┌─ Data provided
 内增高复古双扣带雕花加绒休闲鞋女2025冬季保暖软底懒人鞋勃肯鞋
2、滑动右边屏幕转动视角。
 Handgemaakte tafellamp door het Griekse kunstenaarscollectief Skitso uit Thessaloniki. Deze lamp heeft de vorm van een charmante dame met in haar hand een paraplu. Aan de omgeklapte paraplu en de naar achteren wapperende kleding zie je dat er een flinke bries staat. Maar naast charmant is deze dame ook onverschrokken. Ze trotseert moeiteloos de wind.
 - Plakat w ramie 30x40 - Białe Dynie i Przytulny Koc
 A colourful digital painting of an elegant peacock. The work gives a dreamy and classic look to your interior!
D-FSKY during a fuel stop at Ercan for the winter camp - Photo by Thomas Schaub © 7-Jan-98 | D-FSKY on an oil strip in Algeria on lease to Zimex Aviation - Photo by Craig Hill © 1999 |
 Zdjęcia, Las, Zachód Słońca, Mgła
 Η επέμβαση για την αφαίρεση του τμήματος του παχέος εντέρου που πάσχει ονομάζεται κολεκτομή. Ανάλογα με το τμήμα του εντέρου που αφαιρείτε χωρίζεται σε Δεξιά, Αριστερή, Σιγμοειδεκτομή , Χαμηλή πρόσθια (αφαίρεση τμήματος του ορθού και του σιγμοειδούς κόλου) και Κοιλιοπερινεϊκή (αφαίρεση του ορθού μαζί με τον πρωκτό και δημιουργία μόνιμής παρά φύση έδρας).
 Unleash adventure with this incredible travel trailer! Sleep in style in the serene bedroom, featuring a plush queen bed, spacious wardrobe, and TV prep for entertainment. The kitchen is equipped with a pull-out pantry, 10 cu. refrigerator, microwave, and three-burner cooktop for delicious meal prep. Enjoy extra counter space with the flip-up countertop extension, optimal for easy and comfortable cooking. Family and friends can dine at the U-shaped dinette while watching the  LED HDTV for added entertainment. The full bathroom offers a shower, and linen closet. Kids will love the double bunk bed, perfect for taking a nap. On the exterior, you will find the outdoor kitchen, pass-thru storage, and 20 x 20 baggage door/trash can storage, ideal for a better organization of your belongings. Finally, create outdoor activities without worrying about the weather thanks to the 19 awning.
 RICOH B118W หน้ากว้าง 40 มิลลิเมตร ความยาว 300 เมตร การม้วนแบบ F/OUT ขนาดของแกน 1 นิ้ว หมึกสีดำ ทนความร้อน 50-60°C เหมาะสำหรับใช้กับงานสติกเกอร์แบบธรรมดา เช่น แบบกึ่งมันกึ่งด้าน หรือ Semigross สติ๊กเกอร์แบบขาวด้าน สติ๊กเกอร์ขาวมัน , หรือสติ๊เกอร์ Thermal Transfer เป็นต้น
└─
▸ Description of the task:
Quote all the records. Keep every word exact.

▸ Output:
 内增高复古双扣带雕花加绒休闲鞋女2025冬季保暖软底懒人鞋勃肯鞋
2、滑动右边屏幕转动视角。
 Handgemaakte tafellamp door het Griekse kunstenaarscollectief Skitso uit Thessaloniki. Deze lamp heeft de vorm van een charmante dame met in haar hand een paraplu. Aan de omgeklapte paraplu en de naar achteren wapperende kleding zie je dat er een flinke bries staat. Maar naast charmant is deze dame ook onverschrokken. Ze trotseert moeiteloos de wind.
 - Plakat w ramie 30x40 - Białe Dynie i Przytulny Koc
 A colourful digital painting of an elegant peacock. The work gives a dreamy and classic look to your interior!
D-FSKY during a fuel stop at Ercan for the winter camp - Photo by Thomas Schaub © 7-Jan-98 | D-FSKY on an oil strip in Algeria on lease to Zimex Aviation - Photo by Craig Hill © 1999 |
 Zdjęcia, Las, Zachód Słońca, Mgła
 Η επέμβαση για την αφαίρεση του τμήματος του παχέος εντέρου που πάσχει ονομάζεται κολεκτομή. Ανάλογα με το τμήμα του εντέρου που αφαιρείτε χωρίζεται σε Δεξιά, Αριστερή, Σιγμοειδεκτομή , Χαμηλή πρόσθια (αφαίρεση τμήματος του ορθού και του σιγμοειδούς κόλου) και Κοιλιοπερινεϊκή (αφαίρεση του ορθού μαζί με τον πρωκτό και δημιουργία μόνιμής παρά φύση έδρας).
 Unleash adventure with this incredible travel trailer! Sleep in style in the serene bedroom, featuring a plush queen bed, spacious wardrobe, and TV prep for entertainment. The kitchen is equipped with a pull-out pantry, 10 cu. refrigerator, microwave, and three-burner cooktop for delicious meal prep. Enjoy extra counter space with the flip-up countertop extension, optimal for easy and comfortable cooking. Family and friends can dine at the U-shaped dinette while watching the  LED HDTV for added entertainment. The full bathroom offers a shower, and linen closet. Kids will love the double bunk bed, perfect for taking a nap. On the exterior, you will find the outdoor kitchen, pass-thru storage, and 20 x 20 baggage door/trash can storage, ideal for a better organization of your belongings. Finally, create outdoor activities without worrying about the weather thanks to the 19 awning.
 RICOH B118W หน้ากว้าง 40 มิลลิเมตร ความยาว 300 เมตร การม้วนแบบ F/OUT ขนาดของแกน 1 นิ้ว หมึกสีดำ ทนความร้อน 50-60°C เหมาะสำหรับใช้กับงานสติกเกอร์แบบธรรมดา เช่น แบบกึ่งมันกึ่งด้าน หรือ Semigross สติ๊กเกอร์แบบขาวด้าน สติ๊กเกอร์ขาวมัน , หรือสติ๊เกอร์ Thermal Transfer เป็นต้น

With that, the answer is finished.